───── DATASET CONTENT

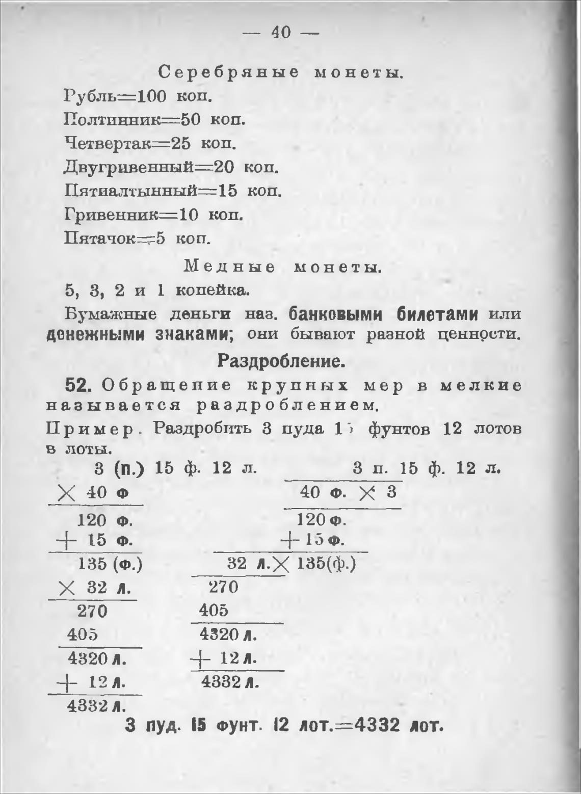 52. Обращение крупных мер в мелкие
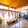 和洋いずれの雰囲気も楽しめる、広々落ち着く空間。囲炉裏を囲んで語らうもよし、薪ストーブを前にソファで寛ぐもよし。大人数でもゆったり滞在可。周辺施設も充実していて、アクティビティも楽しめます♪
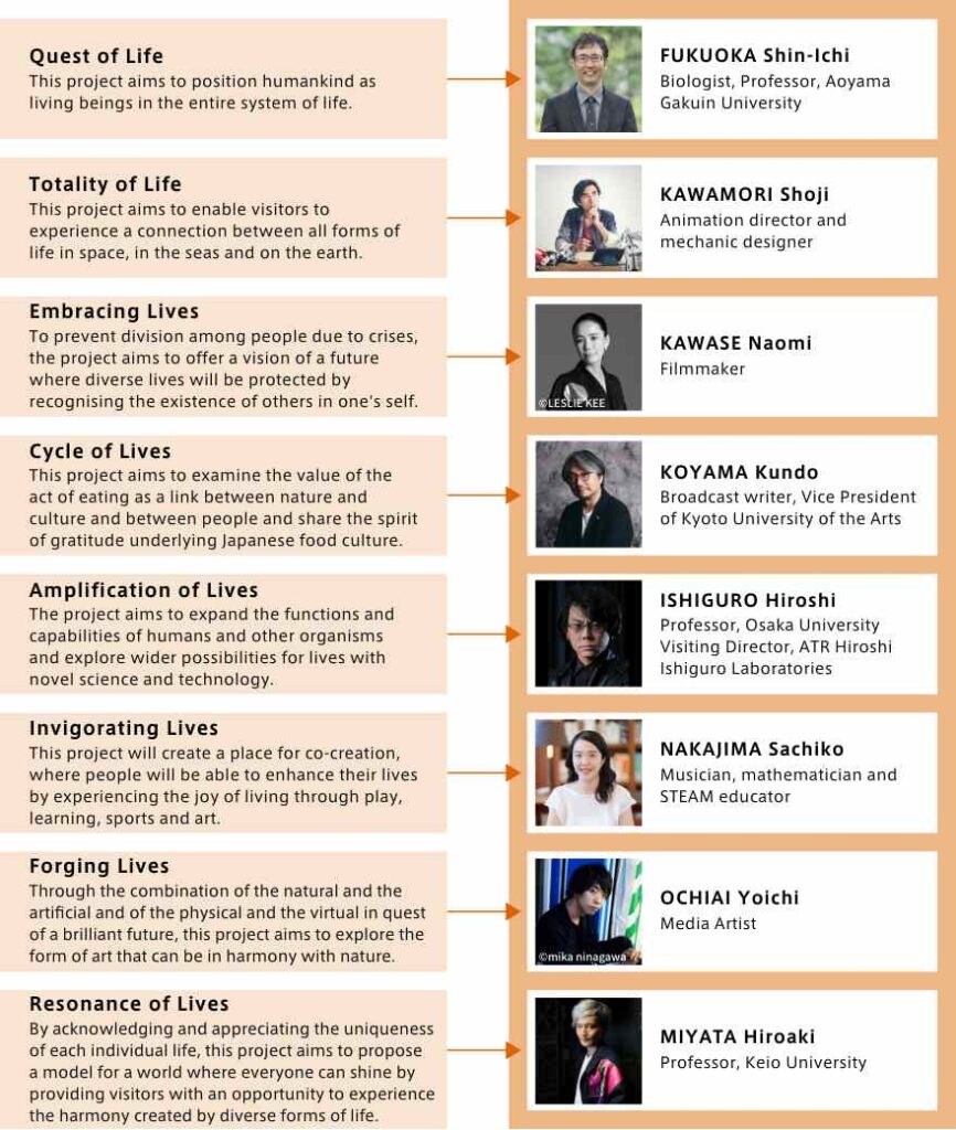 博覽會將展示由150個國家和25個國際組織,以及來自全球的公司、非政府組織、非營利組織和公民團體等提供實現可持續發展目標及其未來願景。為此,我們將組織由八位各領域的頂尖創作者開發的主題項目,自創8大核心主題,從8個不同面向,討論未來社會為了達成 SDGs 目標,所需要的共創力。
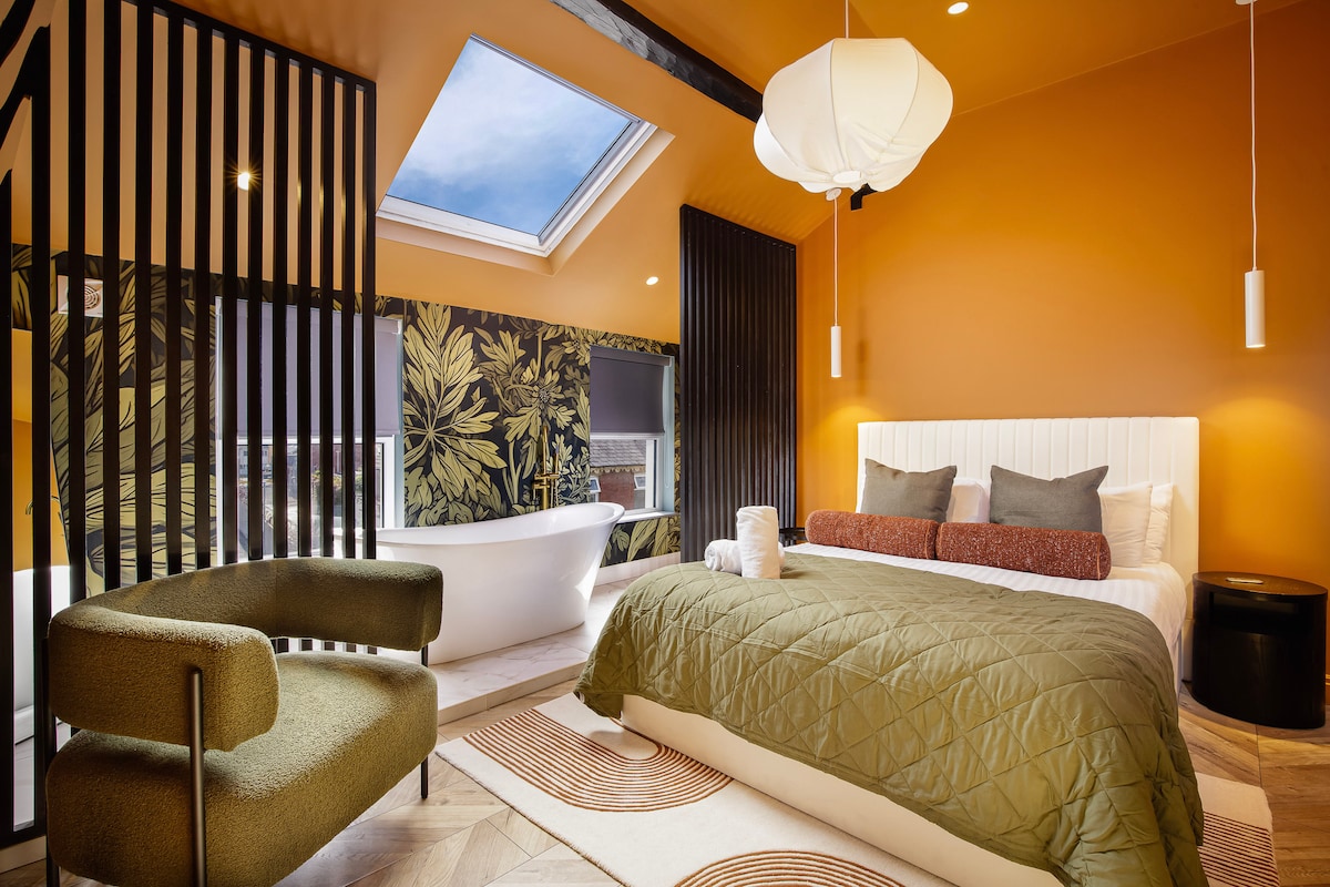 APARTAMENTO LOFT PENTHOUSE EXCLUSIVO COM VISTA PARA O MAR Apartamento penthouse personalizado, vista para o mar, vista para o parque, varanda, lareira, cinema de 200”. Apartamento executivo premium em estilo loft de Blackpool. Desfrute de vistas ininterruptas para o mar e para o parque a partir da sala de estar/varanda. Cozinha e banheiro com chuveiro de hidromassagem. Experiência de cinema surround sound de 200 polegadas. Lareira de madeira real e pisos de madeira para uma experiência de loft única. Wi-Fi 5G ilimitado, fechaduras sem chave, aquecimento central e ponto de carregamento EV.

──────────

> **BRIEF**: Reproduce all of the material exactly, apart from the pictures.

> **ANSWER BOX**:
 52. Обращение крупных мер в мелкие
 和洋いずれの雰囲気も楽しめる、広々落ち着く空間。囲炉裏を囲んで語らうもよし、薪ストーブを前にソファで寛ぐもよし。大人数でもゆったり滞在可。周辺施設も充実していて、アクティビティも楽しめます♪
 博覽會將展示由150個國家和25個國際組織,以及來自全球的公司、非政府組織、非營利組織和公民團體等提供實現可持續發展目標及其未來願景。為此,我們將組織由八位各領域的頂尖創作者開發的主題項目,自創8大核心主題,從8個不同面向,討論未來社會為了達成 SDGs 目標,所需要的共創力。
 APARTAMENTO LOFT PENTHOUSE EXCLUSIVO COM VISTA PARA O MAR Apartamento penthouse personalizado, vista para o mar, vista para o parque, varanda, lareira, cinema de 200”. Apartamento executivo premium em estilo loft de Blackpool. Desfrute de vistas ininterruptas para o mar e para o parque a partir da sala de estar/varanda. Cozinha e banheiro com chuveiro de hidromassagem. Experiência de cinema surround sound de 200 polegadas. Lareira de madeira real e pisos de madeira para uma experiência de loft única. Wi-Fi 5G ilimitado, fechaduras sem chave, aquecimento central e ponto de carregamento EV.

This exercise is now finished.